But if increases in non-Christian membership haven’t diluted Christianity in America, hasn’t it been supplanted over time by a culture that is pervasively irreligious, if not antireligious? These terms describe segments of American intellectual, academic and media elites, but not the bulk of the American people. American religiosity could be high by absolute measures and high relative to that of comparable societies, yet the secularization thesis would still be valid if the commitment of Americans to religion declined over time. Little or no evidence exists of such a decline. The one significant shift that does appear to have occurred is a drop in the 1960s and ’70s in the religious commitment of Catholics. This shift, however, brought Catholic attitudes on religion more into congruence with those of Protestants.

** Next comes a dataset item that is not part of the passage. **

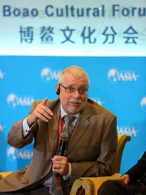Andrew Morgan, president of Ruddy Morgan Organization, speaks during the session of "Boao Cultural Forum" at the Boao Forum for Asia (BFA) Annual Conference 2013 in Boao, south China's Hainan Province, April 8, 2013. (Xinhua/Xu Zijian)
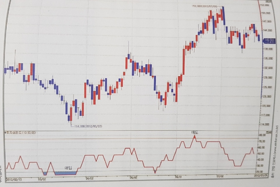 위의 그림대로 투자심리도 매매방법은 과매도일 때 매수, 과매수일 때 매도인 것입니다.

Over the course of American history, fluctuations did occur in levels of American religious commitment and religious involvement. There has not, however, been an overall downward trend in American religiosity. At the start of the 21st century, Americans are no less committed, and are quite possibly more committed, to their religious beliefs and their Christian identity than at any time in their history.

Mr. Huntington, the Albert J. Weatherhead III University Professor at Harvard, is the author of “The Clash of Civilizations and the Remaking of the World Order” (Simon & Schuster, 1998). This is adapted from the current issue of The American Enterprise.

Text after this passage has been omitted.